I understand Mr. Thériault's frustration. I totally understand when Darren said we need to dig further down.
I would like to take a minute to stress the importance and reasonability of taking some time to reflect on this motion. I think the opposition would agree that instead of rushing forward with the motion, it is important to take time to properly assess each and every aspect of it, because it's so important to Canadians.
As my colleague Dr. Marcus Powlowski said, we need to look at what is in it and what is not in it. That is why we need time to dig down and then collectively come up with what is more important to Canadians. Let us discuss that, but we need to dig down. Canadians deserve the best from this committee, especially during these challenging times. It doesn't mean rushing forward with an omnibus motion that we cannot digest. There's no time to read it.
It is a huge motion that only briefly references the mental health impacts of COVID-19. Over 9,500 Canadians have tragically died due to COVID-19, and every day we are seeing case numbers rise as Canada enters a second wave. As I said before, we need to shine a light on the discussion, hear from witnesses and do a proper study to give proper direction so that Canadians are not falling through the cracks.
My colleague Tony's motion is also very important. As I said earlier, it is so important, because as we know, people are twice as likely to say their mental health has declined in these challenging times. They are five times as likely to feel depressed, three times more likely to have trouble coping, four times more likely to have had suicidal thoughts and four times more likely to have tried to harm themselves.
The motion also mentions long-term care, which I did not have a chance to present.
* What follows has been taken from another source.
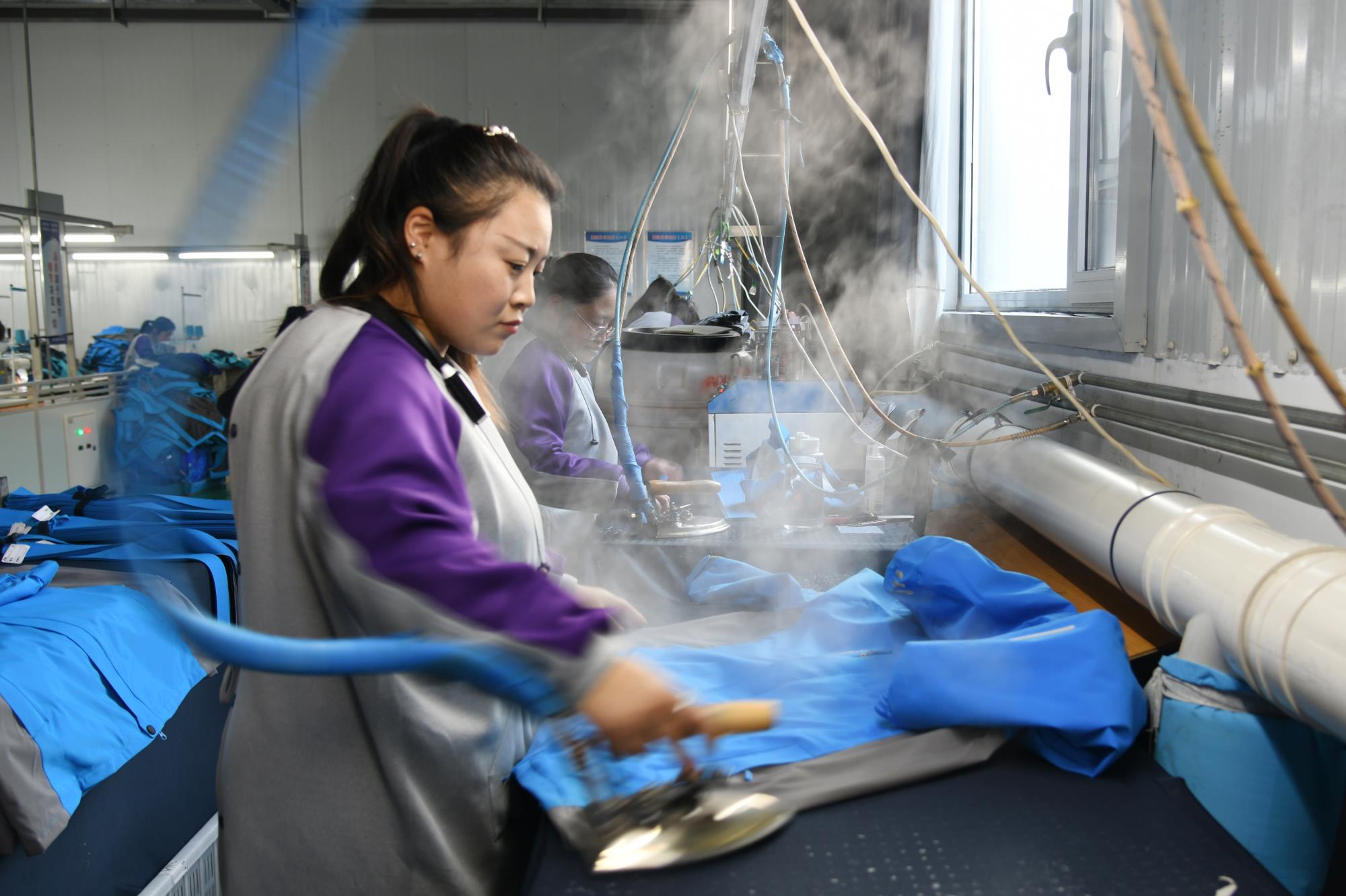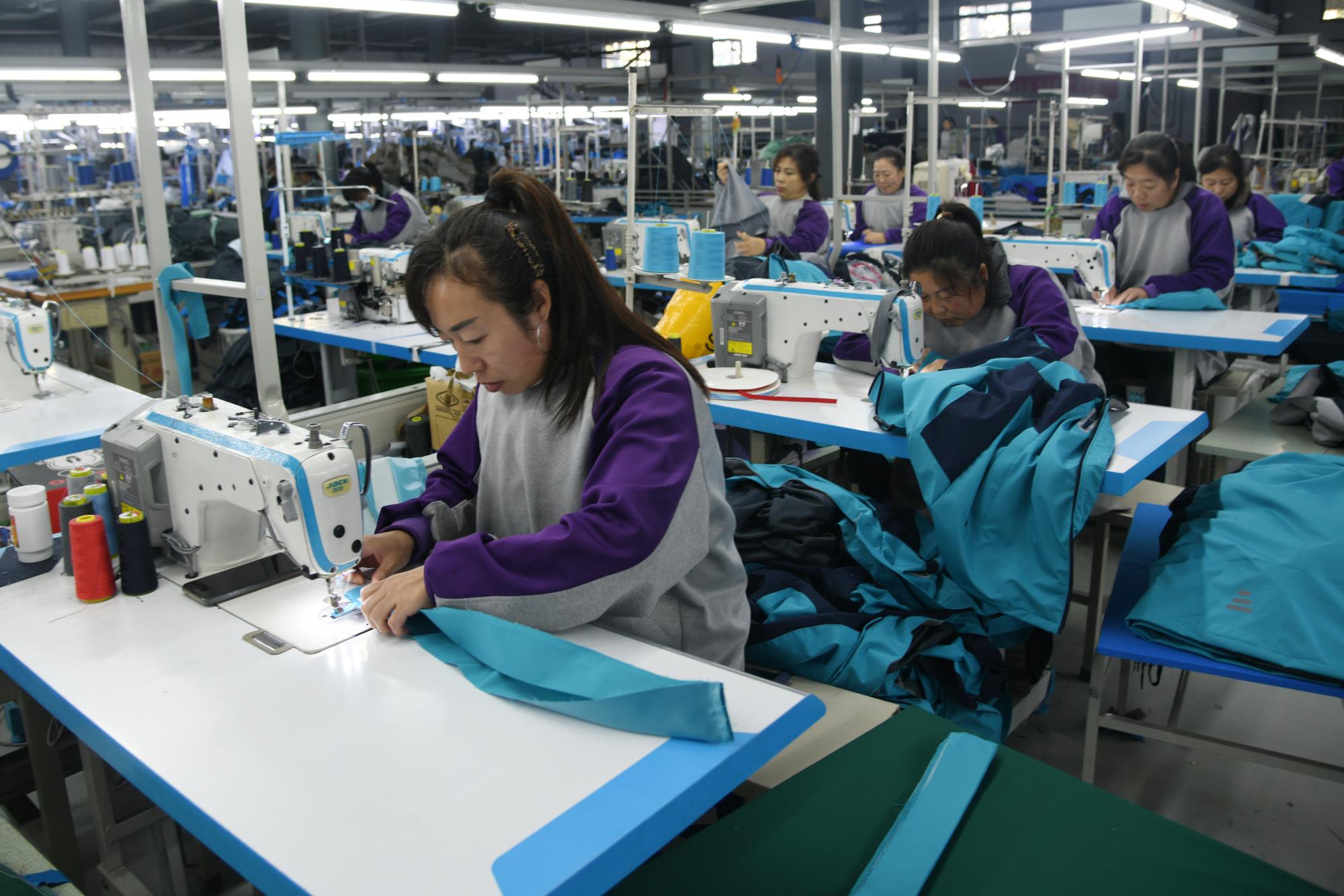 11月18日,山西莘比默克制衣有限公司开启“赶工”模式,加工车间工人铆足干劲忙生产赶订单,呈现出一派热闹的生产景象。

With this motion, we would study long-term care, which is something that is very important in my riding. We have to go through things and dig down. By agreeing to study the impacts of COVID-19 on long-term care, our committee can be the first step in righting the wrongs of our government, which has ignored the issues of long-term care for far too long.
The type of person who needs long-term care assistance is not changing, as 62% of residents have some form of Alzheimer's and 90% of long-term care residents in Ontario have some form of cognitive impairment. As well, people were previously staying in these facilities one to two years, but now the average length of stay is six months. The needs of long-term care residents are changing. This is an important issue too.
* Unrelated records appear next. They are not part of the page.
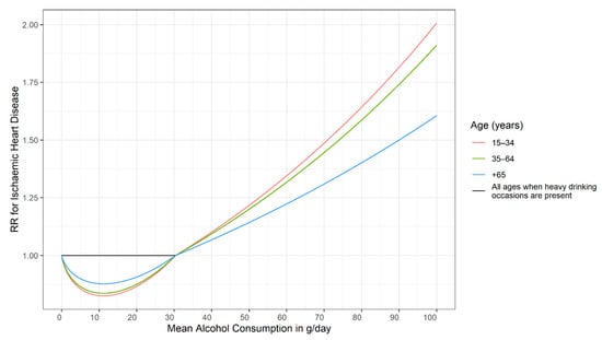 Age: There are biological and other reasons that dose–response curves for alcohol use should change with age. However, the underlying literature is scarce. Ischemic disease categories are an exception. Klatsky found an attenuation of risk based on age [45]. Based on this, the dose–response curves for ischemic disease were modelled separately for three age groups [46]. Figure 2 gives an example. As these curves also depend on the frequency of HEDs (see above and [21]), different curves are provided. For people without any history of HED, there are potential beneficial effects at up to 30 g/day average consumption, and these effects are most pronounced in younger ages (see the curve in red versus the curves in green or blue). For people with HED, the curve is flat until it reaches 30 g/day average consumption (black line), with no beneficial or detrimental effects, irrespective of age. After that threshold is reached, the curves are the same irrespective of any history of HED [46].
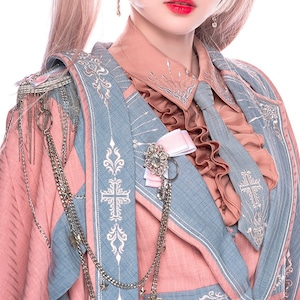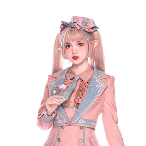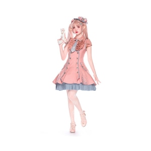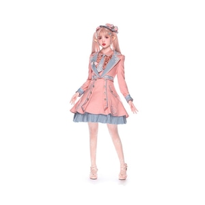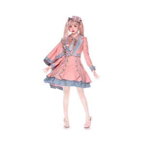淡いピンクを基調に、グレイッシュブルーの配色と刺繍装飾を組み合わせた制服風ロリィタセットアップです。ジャンパースカート、ブラウス、ネクタイに加え、同系色のジャケットを組み合わせた構成で、甘さと端正さのバランスを重視したデザインが特徴です。ウエストラインを程よく強調したシルエットで、重ね着にも対応します。
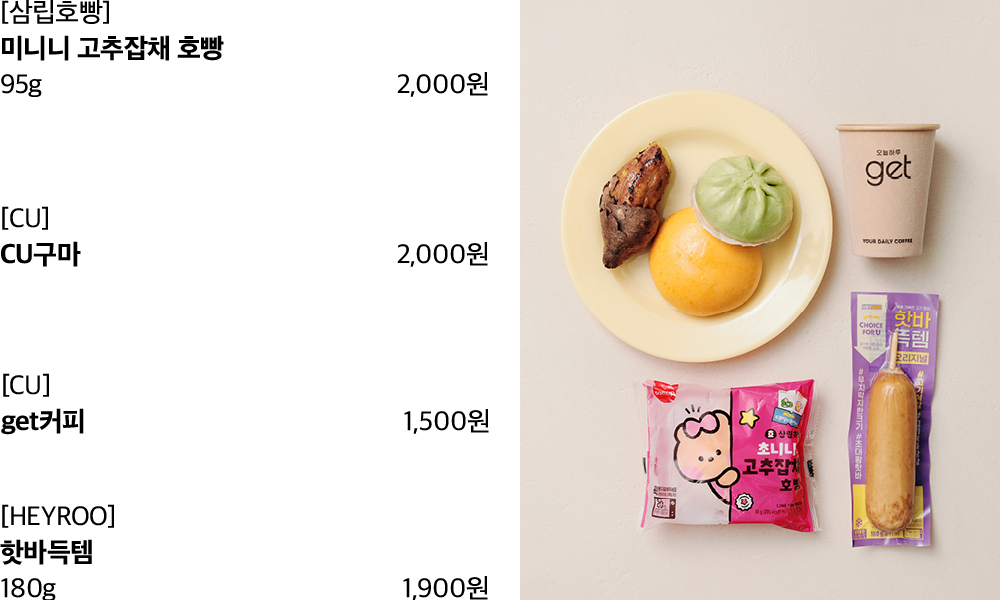 매콤달콤한 고추잡채가 듬뿍 들어간 호빵. 황치즈맛, 대파크림맛까지 3종으로 출시되었으며 귀여운 미니니 띠부씰도 들어있다.

To summarize, there are important issues at stake here. We must take the time to analyze the motion. We need to ensure that at committee we are using our time and resources properly. We need time to dig down. As my colleague said, we have to look at what is not in this motion. We need to prioritize what is important to Canadians.
I know we need time. I understand my friend Luc's frustration. It is why we need time to dig down, and I urge all members to agree that we have to look into that.